Anche se, come Joanna Scutts sottolinea nel suo libro del 2017 The Extra Woman, il senso di Hillis di ciò che era una spesa fattibile per la maggior parte delle donne single nell’America post-Depressione era un po’ irrealistico, Live Alone and Like It ha ancora rivendicato lo slot n. 8 nella lista dei best-seller dell’anno. La sua guida successiva sulla gestione del denaro, Orchids on Your Budget – che ottimisticamente presumeva che il suo lettore avesse uno stipendio annuale di quello che oggi sarebbe pari a circa 150.000 dollari all’anno, e conteneva un capitolo sfacciatamente intitolato “Can You Afford a Husband?” – finì al n. 5.
Naturalmente, i libri della Hillis dimostrarono di essere un prodotto del loro tempo. Verso la fine degli anni ’40 e l’inizio degli anni ’50, quando le donne sembravano essersi ritirate dalle forze di lavoro del tempo di guerra e del dopo-Depressione per tornare nelle cucine e nelle lavanderie, le pubblicazioni per le donne avevano cominciato a lanciare un occhio scettico verso le donne single e le donne che vivevano da sole. Come Betty Friedan, autrice di The Feminine Mystique, notò sulla rivista New York nel 1974:
I racconti in quelle riviste femminili che leggevamo sotto il phon erano tutti su ragazze miserabili con lavori apparentemente glamour a New York che improvvisamente vedevano la luce e tornavano a casa per sposare Henry. In “Honey Don’t You Cry” (McCall’s, gennaio 1949), l’eroina sta leggendo una lettera di sua madre: “Dovresti tornare a casa, figlia mia. Non puoi essere felice vivendo da sola in quel modo”
A circa 80 anni di distanza, Live Alone and Like It della Hillis, con la sua acuta attenzione su come gestire e godersi una casa propria, rimane una rarità. Oggi, se cercate su Amazon i più popolari libri di auto-aiuto e di consigli sul vivere da soli, troverete una vasta selezione di rilassanti copertine pastello e caratteri ricci; anche i titoli che non sono specificamente scritti per le lettrici hanno l’aspetto giusto. (Ci vuole un bel po’ di scorrimento per incontrare anche solo una guida sul vivere da soli chiaramente rivolta agli uomini; il primo a venire fuori è il primo libro di una serie di un certo Peter Mulraney diretto agli uomini che “si ritrovano da soli” dopo “aver condiviso la loro vita con qualcun altro per molto tempo”)
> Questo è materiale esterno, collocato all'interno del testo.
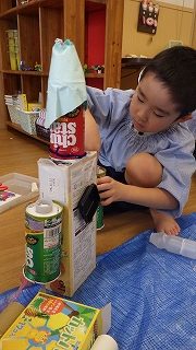 2学期に入り、廃材を使ってロケット制作を行いました。各ご家庭で、たくさんの空き箱やカップ等をご用意していただき本当にありがとうございました。

Molti dei più popolari libri di consigli sul vivere da soli interpretano “vivere da soli” come “passare la vita da soli”, e sono essenzialmente libri di consigli sull’essere senza partner. I loro titoli e sottotitoli spesso offrono conforto alle vedove e ai divorziati e a coloro che sono “di nuovo single”, insistendo alternativamente sul fatto che è perfettamente giusto essere soli e che il lettore non è affatto solo.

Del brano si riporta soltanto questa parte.